Petitioners have apparently handed in over 95,000 signatures for the recall of Santa Clara Superior Court Judge Aaron Persky over his sentencing of a Stanford University swimmer to a six month jail term for rape (many outlets are claiming it is 100,000 signatures).
Petitioners need 58,634 valid signatures to get the recall on the ballot. Based on past experience in California, where we frequently see around a 15% failure rate for the raw signatures, they should easily meet this burden, and we probably can expect a recall this Spring (I imagine there would be a good chance it would be on the June 5 ballot). The recall petitioners have reportedly raised more than $700,000.
There will still be suits in the case, as Persky is claiming that the California's Secretary of State should be the one to examine the signatures.
This would be the first recall of judge to get on the ballot in the country since Wisconsin in 1982 against William Reinecke (he survived the vote). The last successful one was in 1977 (also in Wisconsin against Archie Simonson). Both of those were also directly related to sexual assault issues. Those two judges made disparaging comments about victims from the bench.

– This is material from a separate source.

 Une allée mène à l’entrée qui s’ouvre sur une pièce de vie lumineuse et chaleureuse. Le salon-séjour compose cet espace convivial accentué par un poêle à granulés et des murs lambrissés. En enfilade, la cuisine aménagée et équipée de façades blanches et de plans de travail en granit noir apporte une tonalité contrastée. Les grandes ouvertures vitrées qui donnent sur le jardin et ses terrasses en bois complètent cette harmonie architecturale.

In 2016, there was a recall against a Wheeler County Judge, though that seemed to really be an executive position more than a judicial one. Nevada had an attempted recall of judge in 2015 that was thrown out and declared unconstitutional by the Nevada Supreme Court in 2017.
The last recalls of a Judge in California took place in 1932 against Los Angeles Superior Court Judges John L. Fleming, Dailey S. Stafford and Walter Guerin. All three were removed. There were only a few before then, notably one in 1913 that was over similar leniency in sex crimes. (Leniency in sex crimes is a common factor in many threatened recalls of judges -- here's one in Orange County and another in Montana).
Note that there are many retention elections that are incorrectly described as recalls -- most notably California Supreme Court Chief Justice Rose Bird, Cruz Reynoso and Joseph Grodin in 1986 and three Supreme Court members in Iowa.
Using the recall against a judge has always been controversial. California's recall law almost floundered over this issue back in 1911 – a late-breaking state Supreme Court scandal proved decisive. On the national level, President William Howard Taft vetoed the Arizona constitution over a recall of judges’ provision and the recall of judges was one of the key flash points in the Taft- Theodore Roosevelt split in 1912.
Addendum on the term judicial recall/recall of judges:
Also, just to define our terms: I call this subject the recall of a judge, rather than judicial recall. In the history and the literature the term Judicial Recall refers to something totally different (what I call the malfeasance standard or for cause recalls). A judicial recall occurs in states and jurisdictions where a judge is required to rule on whether a recall meets a specific standard to get on the ballot. Essentially, the official has to have violated the law or shown demonstrable incompetence for the recall to be placed on the ballot. It has nothing to do with removing judges. I keep this divide up so as not to confuse people who may be conversant or studying the literature.